À ces mots, il tourna autour d’une pointe de rocher, et une scène inattendue se présenta aux yeux du jeune Anglais.
Dans un coin ou réduit abrité par la saillie du rocher, brillait un grand feu autour duquel étaient assis ou couchés une quinzaine de jeunes gens portant le costume suisse, mais décoré d’ornemens et de broderies qui réfléchissaient la lumière du feu, de même que les gobelets d’argent circulant de main en main et les flacons qui déjà commençaient à être vides. Arthur remarqua aussi les restes d’un banquet auquel il paraissait qu’on avait fait honneur tout récemment.
Les joyeux convives se levèrent avec empressement en voyant arriver Donnerhugel, que sa taille faisait aisément reconnaître, et ses compagnons. Ils le saluèrent, en lui donnant le titre d’Hauptman, avec toutes les démonstrations d’une vive affection, mais en s’abstenant avec soin de toute acclamation bruyante.
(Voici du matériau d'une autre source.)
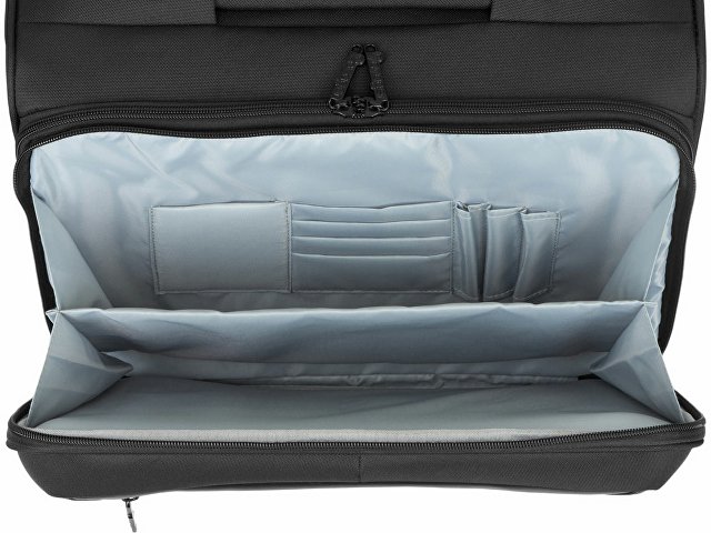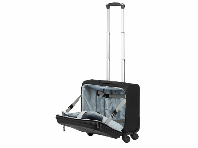 Бизнес-чемодан в лаконичном дизайне с шильдом под нанесение вашего логотипа. Удобен для командировок и деловых поездок благодаря наличию 2х отделений для ноутбука, одежды и карманов для бумаг.

Leur chaleureuse amitié annonçait que Rodolphe était le bienvenu parmi eux, tandis que leur précaution prouvait qu’il y venait en secret, et qu’il devait être reçu avec mystère.
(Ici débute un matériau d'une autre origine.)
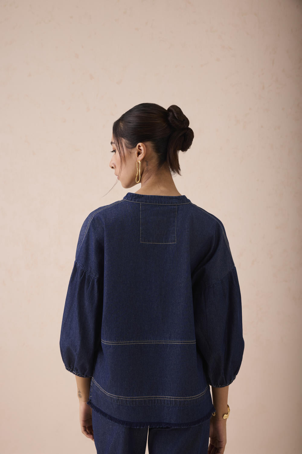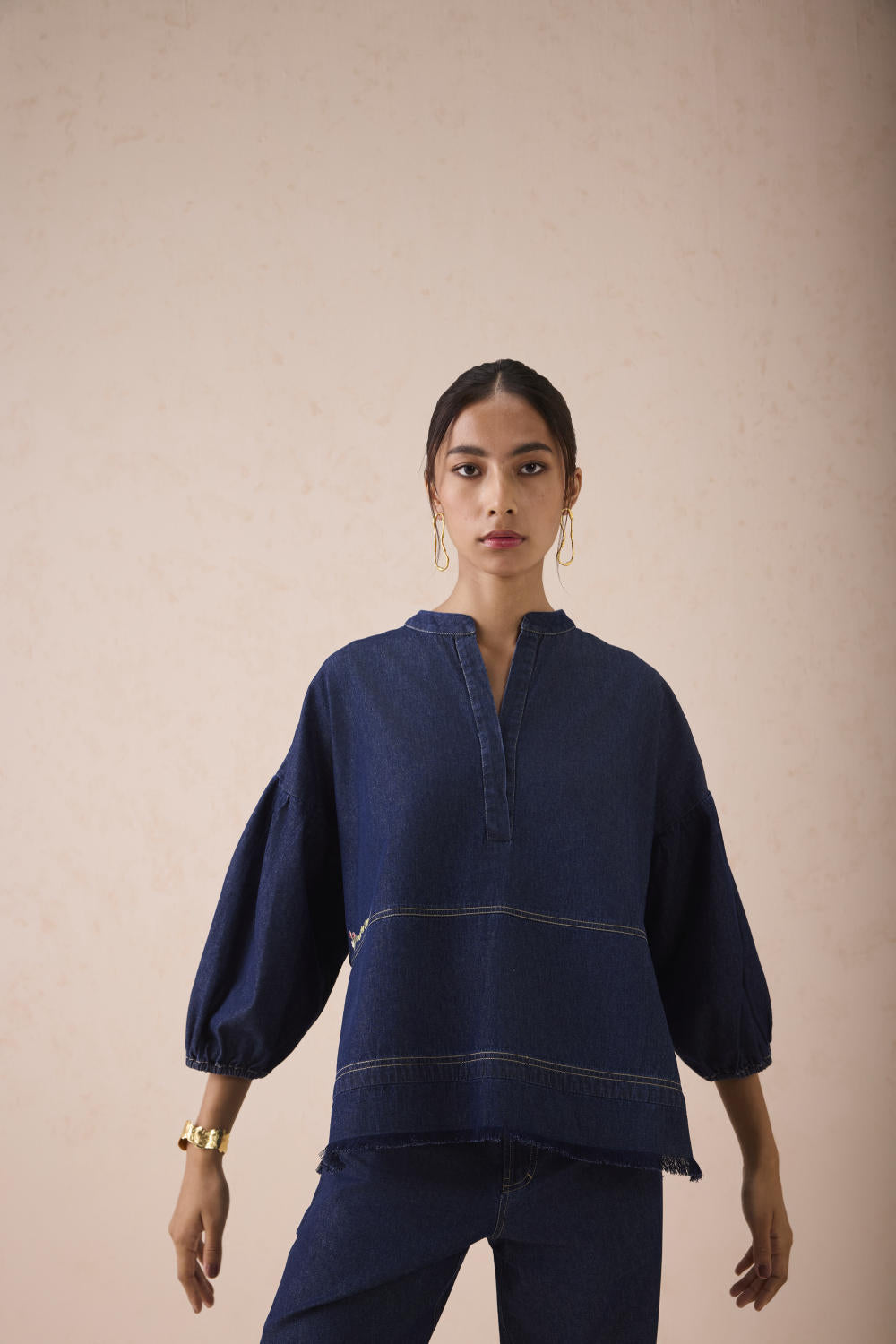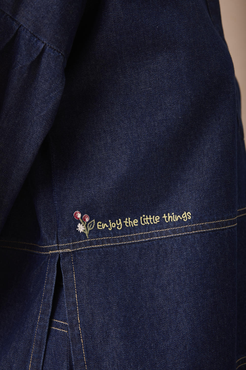 Relaxed fit, three quarter sleeve, split crew neck shirt crafted in cotton denim fabric created with a blend of cotton and recycled cotton fibres, hand embroidered with message and flower motifs.

Au bon accueil général qu’il reçut, il répondit : – Je vous remercie, mes braves camarades. Avez-vous vu Rudiger ?
– Vous voyez qu’il n’est pas encore venu, brave capitaine, répondit un des jeunes gens ; autrement nous l’aurions retenu jusqu’à votre arrivée.
– Il est en retard, dit le Bernois. Nous aussi nous avons éprouvé un délai, et cependant nous voici arrivés avant lui. Je vous amène, camarades, l’Anglais plein de bravoure dont je vous ai parlé comme d’un compagnon que nous devons désirer de nous associer dans notre projet audacieux.
– Il est le bienvenu, trois fois le bienvenu, dit un jeune homme à qui son costume d’un bleu d’azur richement brodé donnait un air d’autorité ; encore mieux venu, s’il nous apporte un cœur et un bras disposés à prendre part à notre noble projet.
– Je vous réponds de lui sous les deux rapports, dit Donnerhugel ; versez-nous du vin, et buvons au succès de notre glorieuse entreprise, et à la santé de notre nouvel associé.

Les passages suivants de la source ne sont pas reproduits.